R v Vatanitawake
[2020] ACTSC 304
•13 November 2020
SUPREME COURT OF THE AUSTRALIAN CAPITAL TERRITORY
Case Title: | R v Vatanitawake |
Citation: | [2020] ACTSC 304 |
Hearing Date: | 11 November 2020 |
DecisionDate: | 13 November 2020 |
Before: | Murrell CJ |
Decision: | The offender is sentenced to two years and six months’ imprisonment, with a nonparole period of 15 months’ imprisonment. |
Catchwords: | CRIMINAL LAW – JURISDICTION, PRACTICE AND PROCEDURE – Judgment and Punishment – Sentence – Sexual intercourse without consent in company |
Legislation Cited: | Crimes (Sentencing) Act 2005 (ACT) s 33 Crimes Act 1900 (ACT) s 54(2) |
Cases Cited: | R v Vunilagi; R v Vatanitawake; R v Masivesi; R v Macanawai (No 2) [2020] ACTSC 274 R v Vunilagi [2020] ACTSC 303 |
Parties: | The Queen (Crown) Isimeli Ilimeleki Natuwawa Vatanitawake (Offender) |
Representation: | Counsel S Jerome (Crown) J Sabharwal (Offender) |
| Solicitors ACT Director of Public Prosecutions (Crown) Sharman Robertson (Offender) | |
File Number(s): | SCC 25 of 2020 |
MURRELL CJ:
Introduction
On 9 October 2020, I delivered judgment in the judge alone trial of Vatanitawake and three alleged co-offenders, Vunilagi, Masivesi and Macanawai: R v Vunilagi; R v Vatanitawake; R v Masivesi; R v Macanawai (No 2) [2020] ACTSC 274 (Vunilagi (No 2)).
I found Vatanitawake guilty of one count of sexual intercourse without consent in company with Vunilagi, contrary to s 54(2) of the Crimes Act 1900 (ACT). The maximum penalty is 14 years’ imprisonment.
The offender has been in custody since 5 December 2019.
Facts
The full factual findings relating to Vatanitawake and the alleged co-offenders are to be found in Vunilagi (No 2). The following is a summary of those facts, particularly as they relate to Vatanitawake. Although Vatanitawake is not to be sentenced for offences committed by others, it is necessary to refer to some of those offences to place his criminality in a proper context.

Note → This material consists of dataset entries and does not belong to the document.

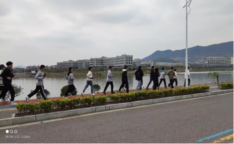 健步一迈,激情澎湃,5月13日,清晨的阳光散在海韵湖的跑步步道上,参加活动的同学早已在图书馆后集合,准备今天的跑步活动。随着组织者的一声令下,同学们迈出了矫健的步伐,开始围着海 韵湖跑步。
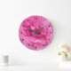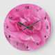 The pink garden beauty on this Large Clock is an original photograph by MaeFlowers of a beautiful pink garden rose. It's a closeup view, showing the flower open wide, with all of its petals in ruffled layers. The intense pink colour becomes deeper in the centre of this lush bloom. In the corners of the photo, bits of the flower's surrounding green leaves can be seen. This is a design for lovers of the colour pink.
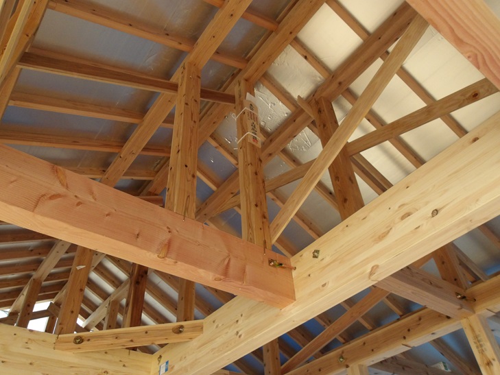 木造住宅の大工工事中は、木がこのように見えて香りがたまらなく良いんです。
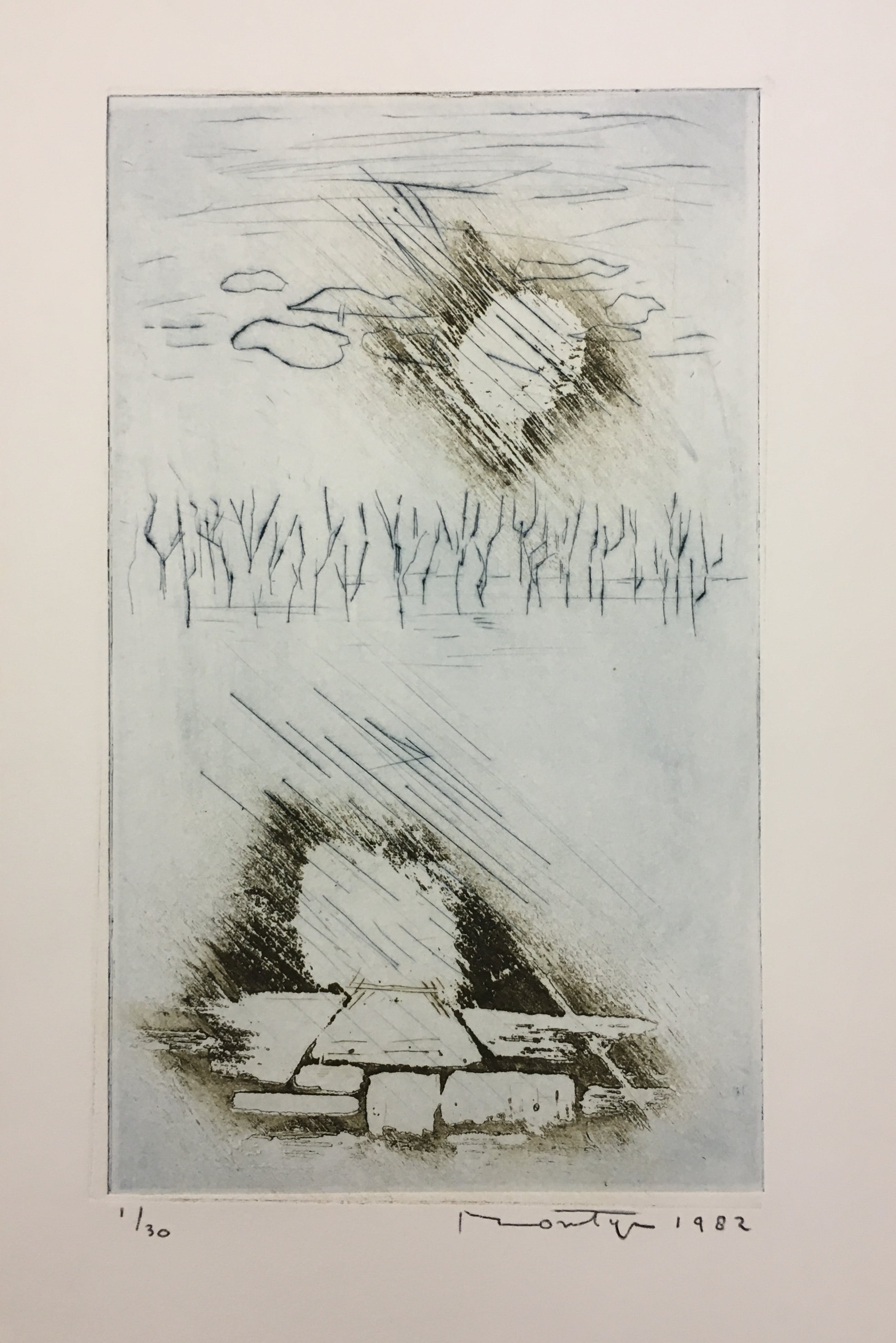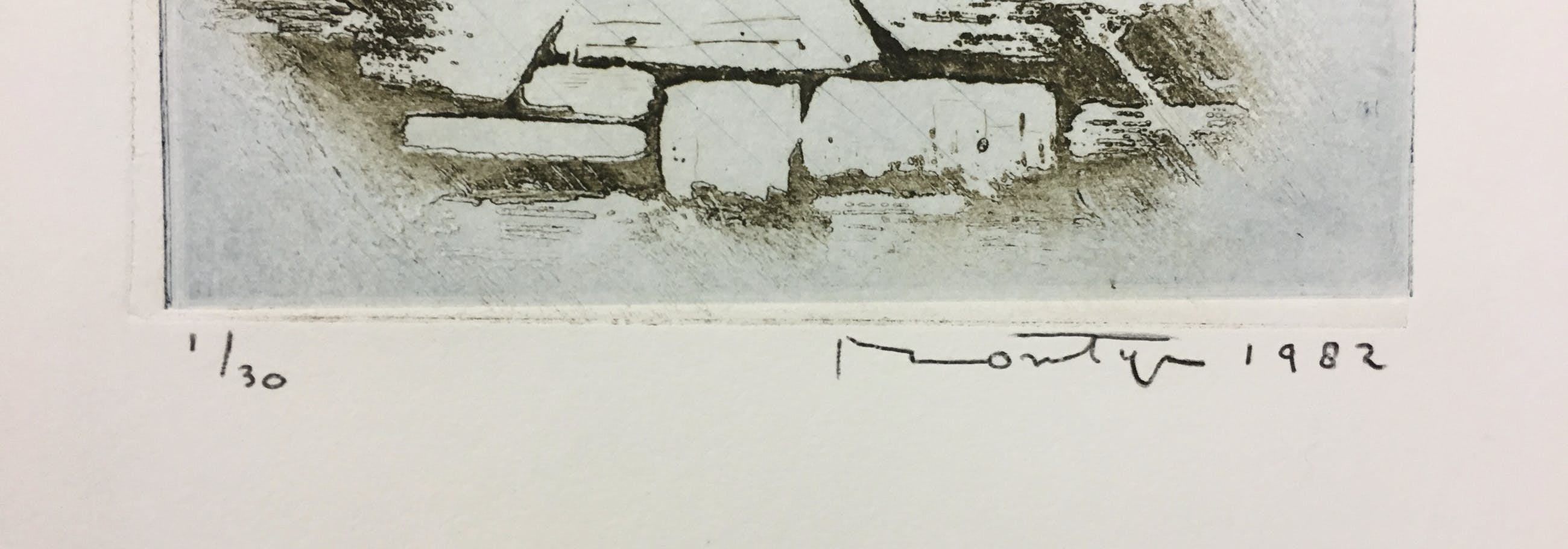 Bijzondere kleuren ets van Montyn. “Winterlandschap” In prachtige staat. Uit 1982.

Between about 10:30 PM on Saturday, 2 November 2019 and 4:30 AM on Sunday, 3 November 2019, the complainant was drinking and socialising at various venues in Civic.
At about 4:30 AM, she entered the street level area of Mooseheads Bar and approached the table where the offenders were based. She chatted to Masivesi. She flirted with Vunilagi and the two began to kiss and embrace. Both were very intoxicated.
Following an aggressive exchange between Vunilagi and another man, the complainant became upset. At 4:54 AM, Vatanitawake attracted her attention, and she followed him downstairs to an area outside the female toilets, dabbing her eyes. Vatanitawake appeared to console her, and they began to kiss and cuddle. The complainant led Vatanitawake into the female toilets area, where the amorous exchange continued.
When Mooseheads closed at 5 AM, patrons were required to leave. At 5:05 AM, the complainant and Vatanitawake emerged from the female toilets area, separated, and left the premises.
The complainant walked alone to the corner of London Circuit and East Row. Having reached the corner, she turned and returned to the area outside Mooseheads Bar, where former patrons, including the offenders, were loitering. Vatanitawake beckoned to her. She chatted to him, another man, and Masivesi for several minutes, before sitting down on the pavement next to where Vatanitawake was standing.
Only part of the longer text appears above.